Check this for using IPCC Color Palettes: https://pyam-iamc.readthedocs.io/en/stable/tutorials/ipcc_colors.html (this package is not installed here)

Get back the keys to load scenarios data sets!

In [None]:
[key for key in dset_dict.keys()]

### Exercise
Make a figure showing the near-surface air temperature anomalies over the historical period and the future period up to 2100 for all scenarios available for your model.

### Solution

In [None]:
list_scenarios = ['ssp119', 'ssp126', 'ssp245', 'ssp370', 'ssp585']
colors = ['#00a9cf', '#003466', '#f69320', '#df0000', '#980002']

In [None]:
temp = []
for scenario in list_scenarios:
    ds = dset_dict["ScenarioMIP.IPSL.IPSL-CM6A-LR."+scenario+".Amon.gr"]
    da = ds.tas.isel(member_id=0) - 273.15
    temp.append(u.spatial_average(da.resample(time='Y').mean('time')))

# Concatenate results
ts_model_future = xr.concat(temp, pd.Index(list_scenarios, name='scenario')).load()

In [None]:
ref_period = slice('1995', '2014')
ref_obs = ts_obs.sel(time=ref_period).mean('time')
ref_model = ts_model.sel(time=ref_period).mean('time')

linewidth = 1

fig, axs = plot.subplots(axwidth=5, aspect=2)

# Past
axs[0].plot(
    ts_obs['time.year'], 
    ts_obs-ref_obs, 
    label='ERA5', color='k', linewidth=linewidth, linestyle='--'
)
axs[0].plot(
    ts_model['time.year'], 
    ts_model-ref_model, 
    label='historical', color='k', linewidth=linewidth
)

# Future
for i, scenario in enumerate(list_scenarios):
    axs[0].plot(
        ts_model_future['time.year'], 
        ts_model_future.sel(scenario=scenario) - ref_model, 
        label=scenario, color=colors[i], linewidth=linewidth
    )
    
axs[0].legend(ncols=2)

axs.format(
    xlabel='year',
    ylabel='Near-surface air temperature [°C]',
    suptitle='Global near-surface air temperature anomalies '+model_name+'\n(with respect to 1995-2014)',
    xlim=(1979,2100)
)
# fig.save('img/'+model_name+'_ts_tas_anomalies_projections.jpg')

## Share your results!
Go to the following link and upload the figures for your the model you chose of the global (or sub-zone) bias and projections!

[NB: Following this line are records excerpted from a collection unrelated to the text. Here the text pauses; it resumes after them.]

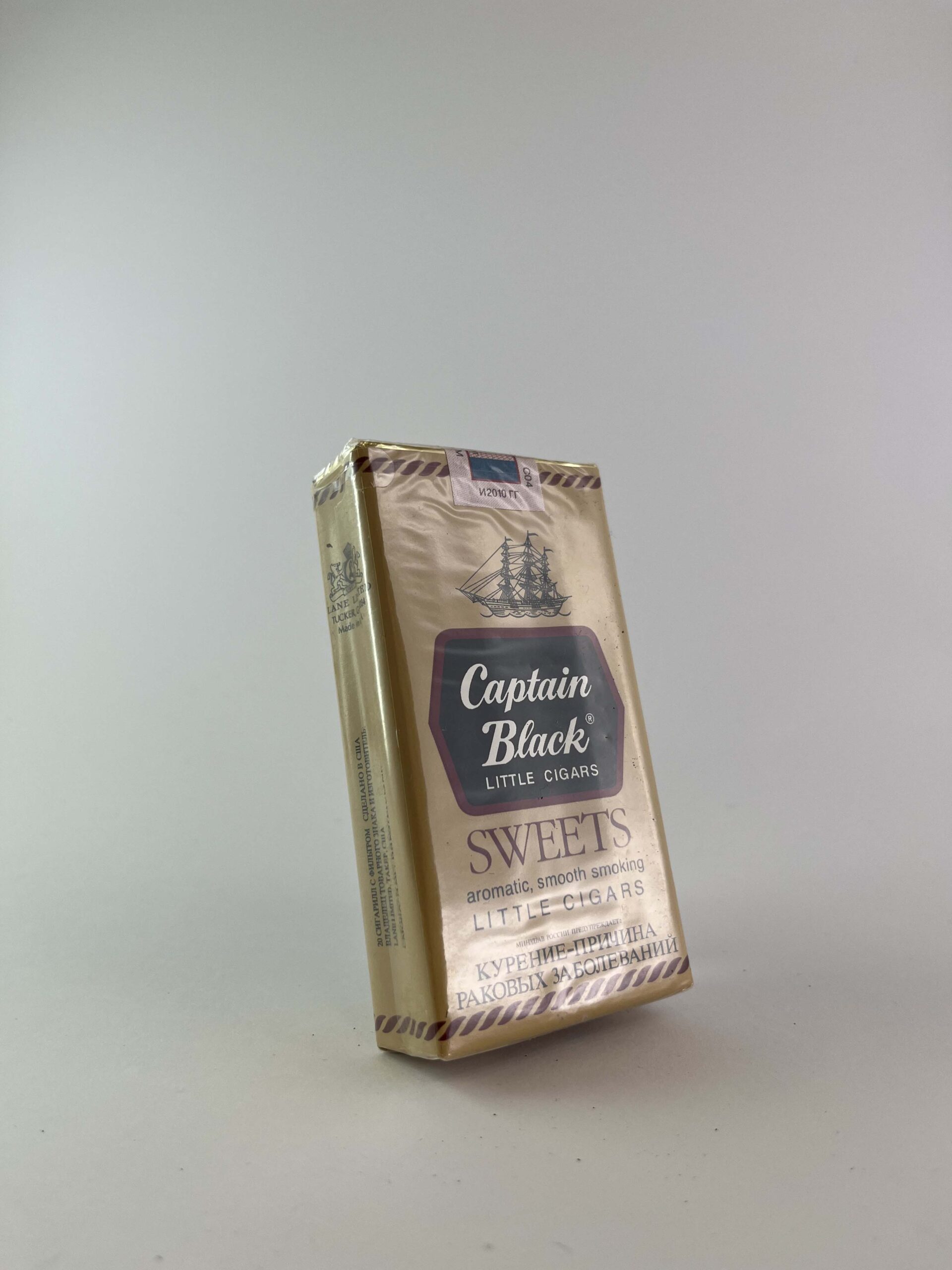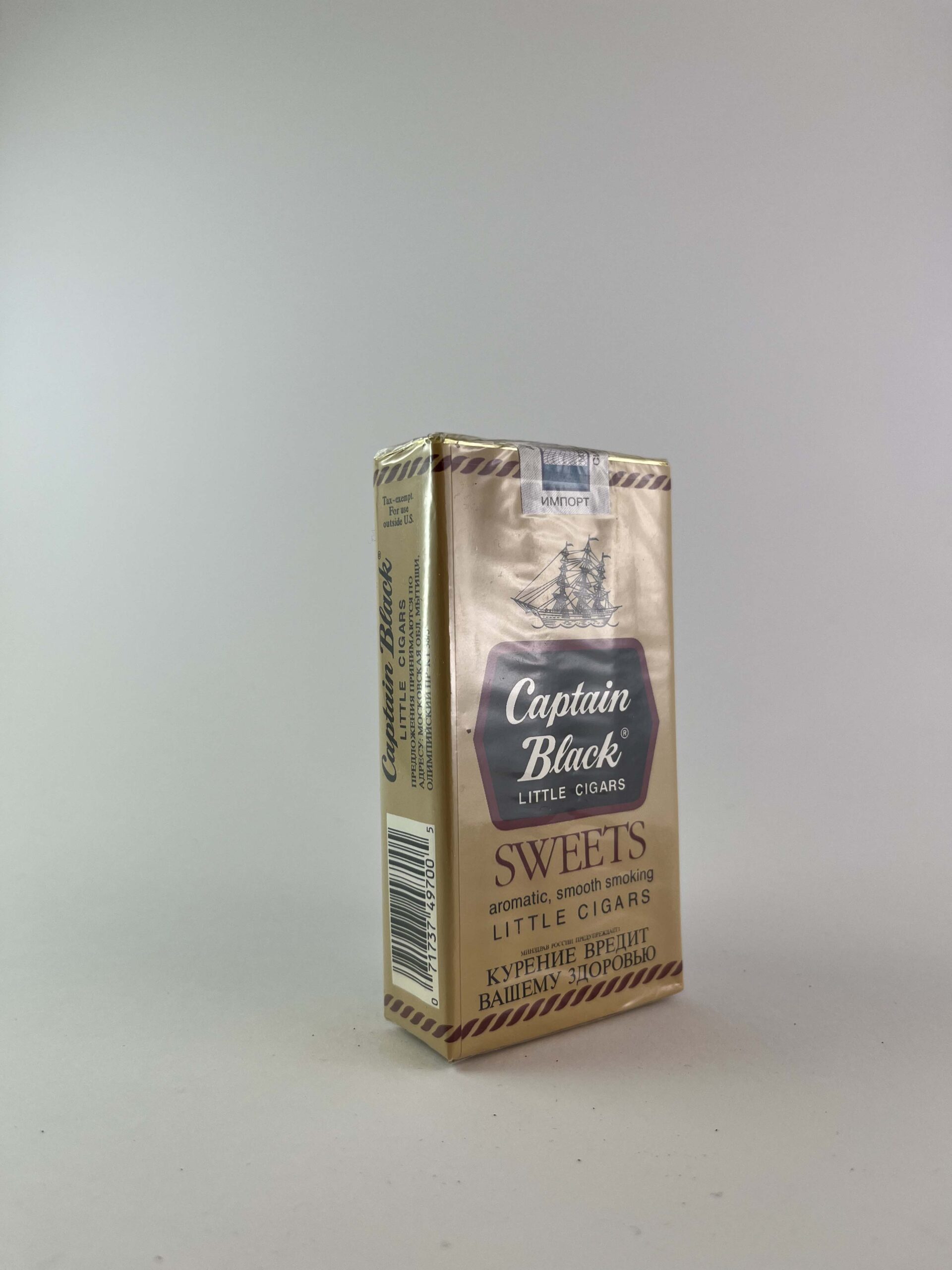 The Captain Black „Sweets” cigarillo pack features classic design elements dominated by gold and brown colors. The front of the pack features a ship, and the name „Captain Black” is highlighted on a black background. The cigarillos are designed for aromatic and smooth smoking, and the „Sweets“ edition has a sweet taste that creates a pleasant smoke sensation. At the bottom of the pack is a prominent warning in Russian indicating the health risks of smoking.
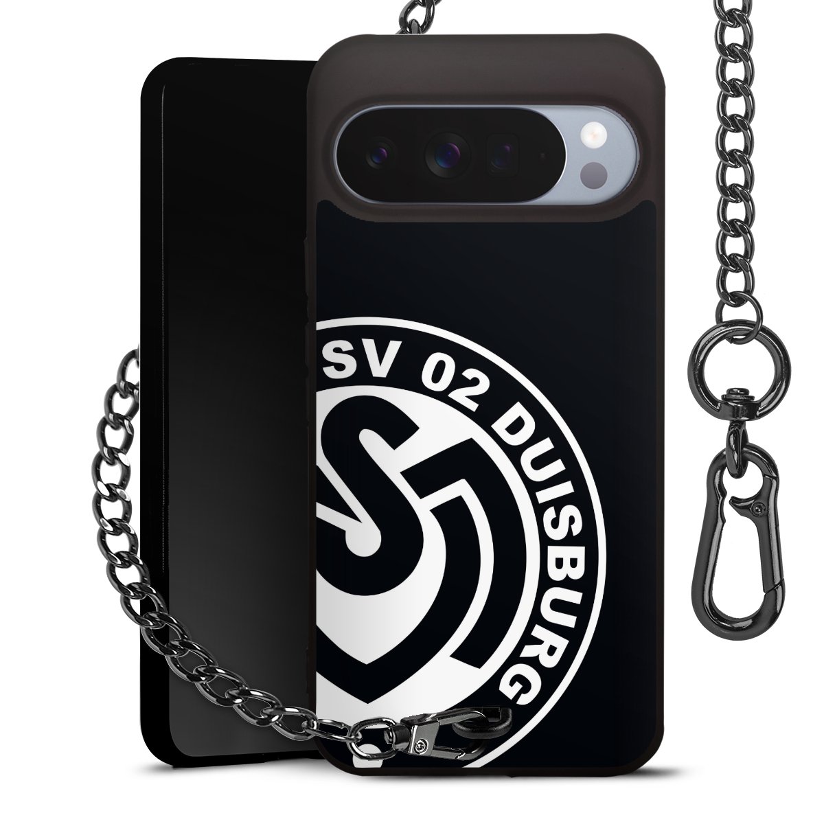 Die mattschwarze Silikon-Handyhülle besteht aus robustem TPU (thermoplastisches Polyurethan). Sie ist flexibel und schützt Dein Smartphone vor Stößen und Kratzern. Die Kette sowie der Karabinerhaken sind aus Metall in Gunmetal-Optik gefertigt. Für dieses Produkt kommen ausschließlich TÜV-geprüfte Materialien zum Einsatz.
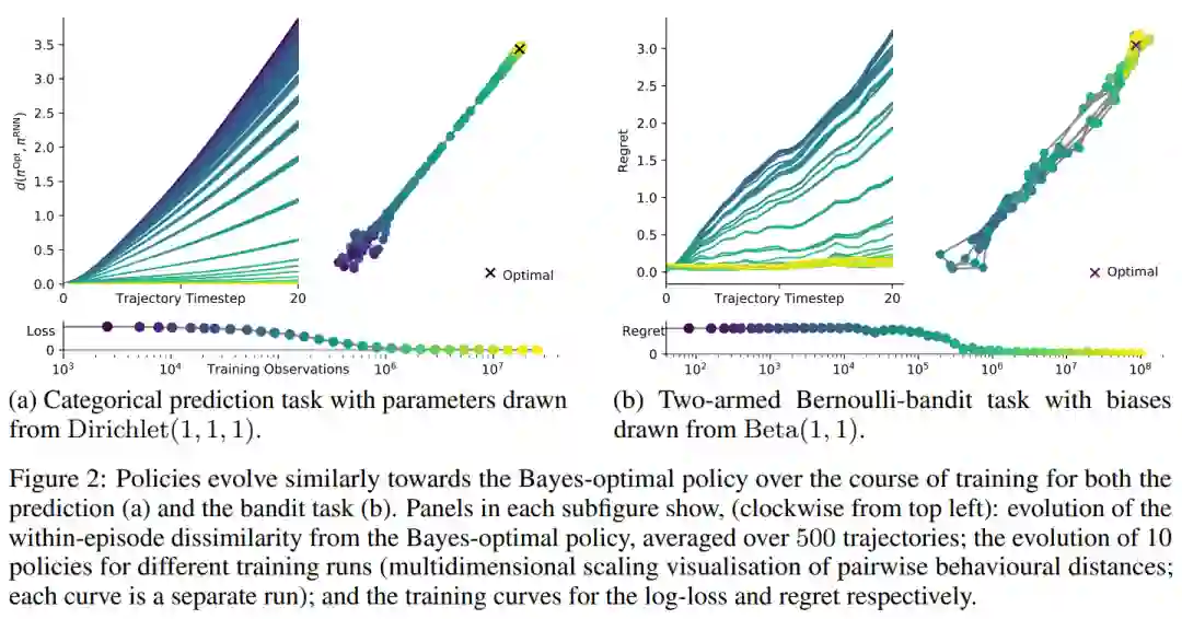 在元训练过程中,元学习者收敛于贝叶斯最优(第4.2节)。我们的经验表明,贝叶斯最优策略是学习动态的不动点。
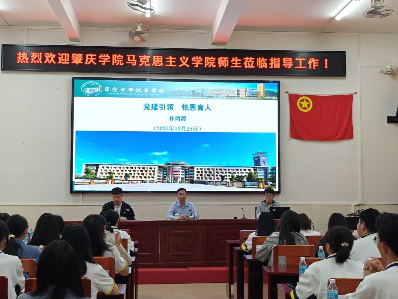 本网讯 10月25日,马克思主义学院结合学校办学55周年系列活动安排和“三所学校”帮扶工作,组织师生赴罗定中学城东学校开展调研学习。活动中,学院特邀了96届政史专业校友罗定中学城东学校党委书记林炳源与在场师生开展专题讲座和学习交流。
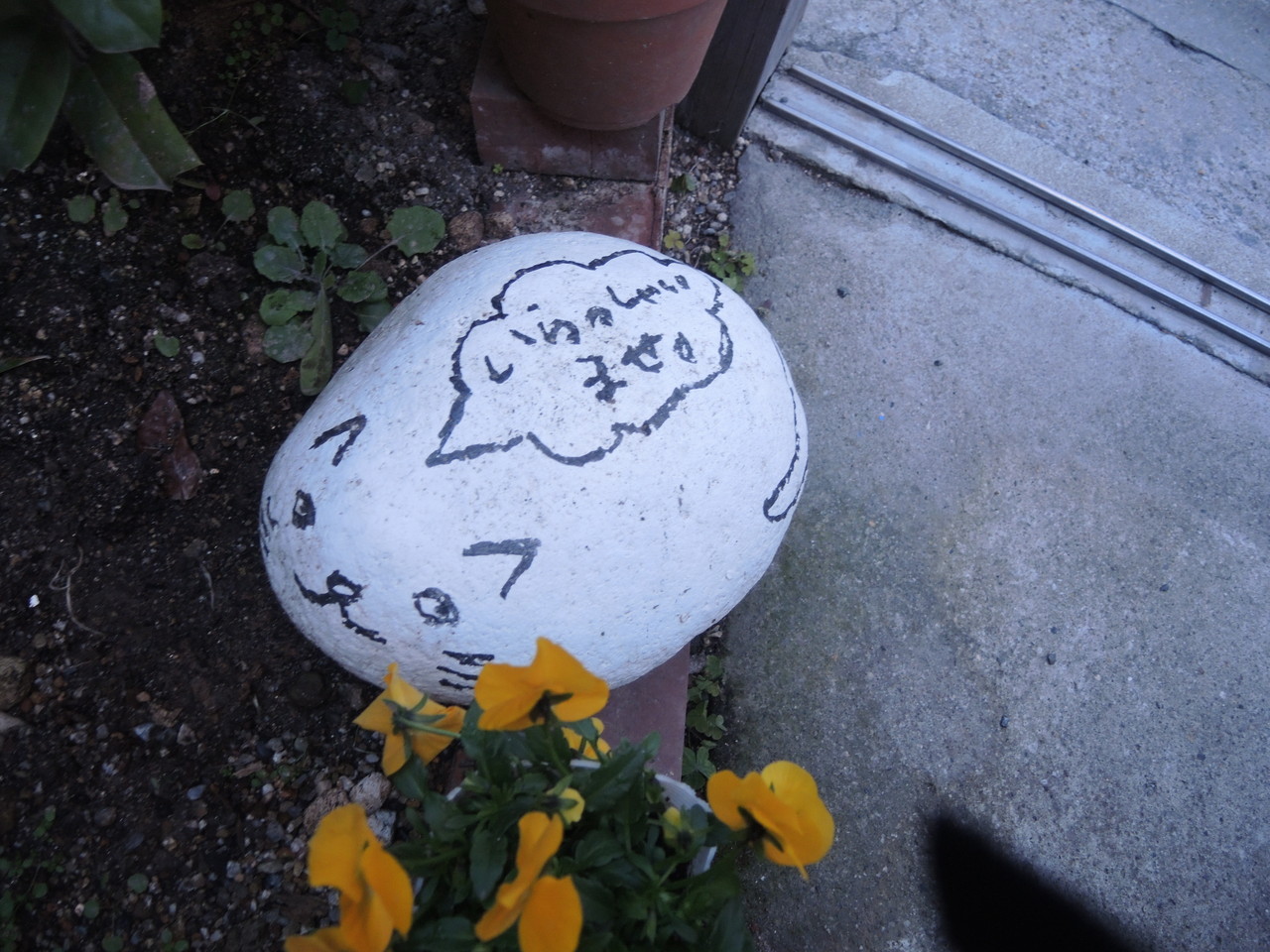 入り口のところには落書きされた石。
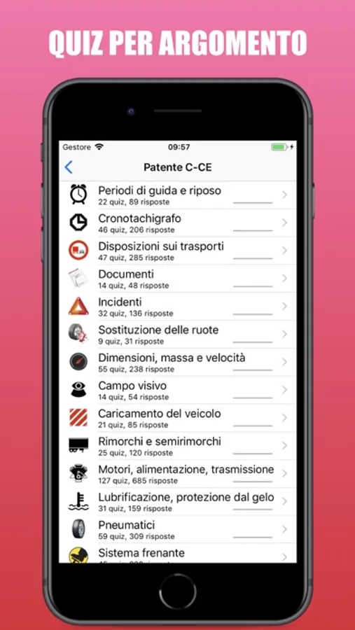 - Possibilità di visualizzare per ogni argomento i quiz mai risposti ed i quiz errati organizzati per numero di errori;

https://app.mural.co/t/variabiliteclimatique4363/m/variabiliteclimatique4363/1639491102483/fecf896fc166a77732b34ff63bf09000883718e3?sender=ufcbfba826e94d93c633c7410

## Bonus
If you still have time, try adding models or members to add uncertainties (to add envelopes to the curves, you can look at the [`fill_between()`](https://matplotlib.org/stable/api/_as_gen/matplotlib.pyplot.fill_between.html) function of matplotlib or otherwise proplot implements it directly in a simplified way: https://proplot.readthedocs.io/en/v0.6.4/1dplots.html#Shading-and-error-bars). 

Feel free to do any other analysis you are interested in!